Vanaf het moment dat de potten worden uitgezet, raadt Koen aan om wekelijks Eretmix-System te introduceren met een combinatie van twee parasitoïden: Encarsia formosa (Encarsia-System) voor de bestrijding van kaswittevlieg en Eretmocerus eremicus (Eretmocerus-System) voor de bestrijding van tabakswittevlieg. Daarnaast zegt hij dat het nodig kan zijn om nog meer Swirskii-System te introduceren, ondersteund door Nutrimite™.
"We raden het gebruik van beide producten sterk aan," zegt Koen. "Swirskii richt zich op het eerste stadium van de witte vlieg, terwijl de parasitoïden zich richten op het tweede tot vierde stadium. Dit minimaliseert mogelijke concurrentie tussen de nuttige insecten."

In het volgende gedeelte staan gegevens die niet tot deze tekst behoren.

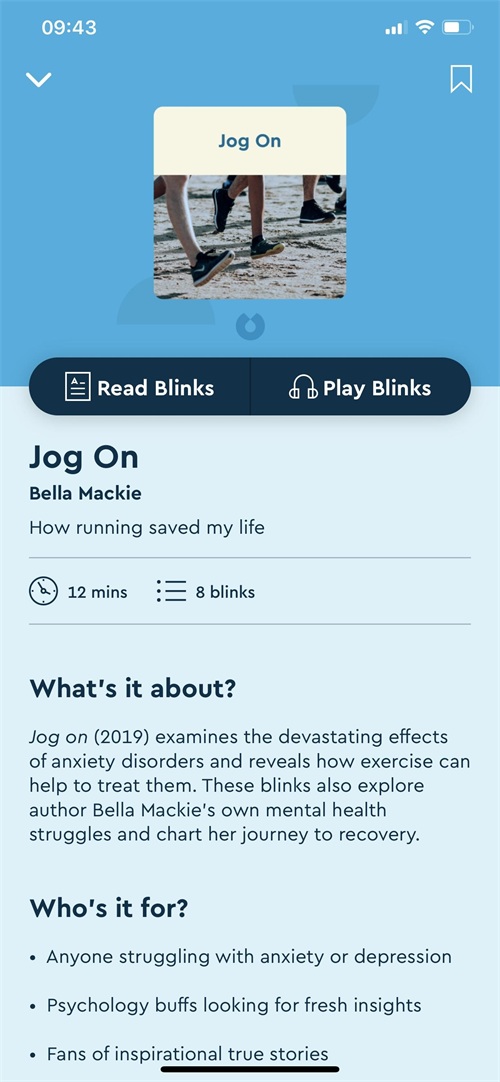 l 免费版每天推送一本书l 利用碎片时间就可以刷完一本书,了解一个新的概念l 配有真人原音朗读l 书籍偏重技巧、干货、人文科学类的,对知识体系的一个补充l 书籍都是比较新的,很多还没有中文版l 可以练阅读和听力
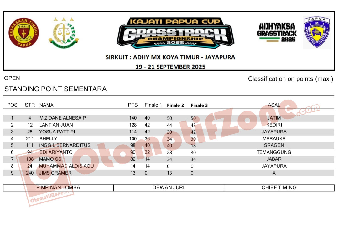 OtomotifZone.com – Jayapura. Sejarah baru tercipta di ajang Kajati Papua Cup Grasstrack Championship 2025 Jayapura yang berlangsung di Sirkuit Adhi MX Koya Timur, Jayapura 19-21 September 2025. Menjadi suatu pertarungan sangar kembali dimana nama M. Zidan Alnesa memimpin klasemen Kategori Open pada kejuaraan bergengsi tersebut.

Samenvattend zegt Koen: "De sleutel tot een efficiënte wittevliegbestrijding in Poinsettia bestaat uit een schone teeltstart, te bereiken door het gewas nauwgezet te monitoren en te scouten en indien mogelijk, de scoutinggegevens van vorig seizoen te bekijken. Pas vervolgens een volledige IPM-strategie toe - met parasitoïden, een roofmijt en bio-insecticiden - om de Bemisia-populatie onder het omslagpunt van 20% te houden. Wees je ervan bewust dat de wittevliegdruk ook per cultivar kan verschillen."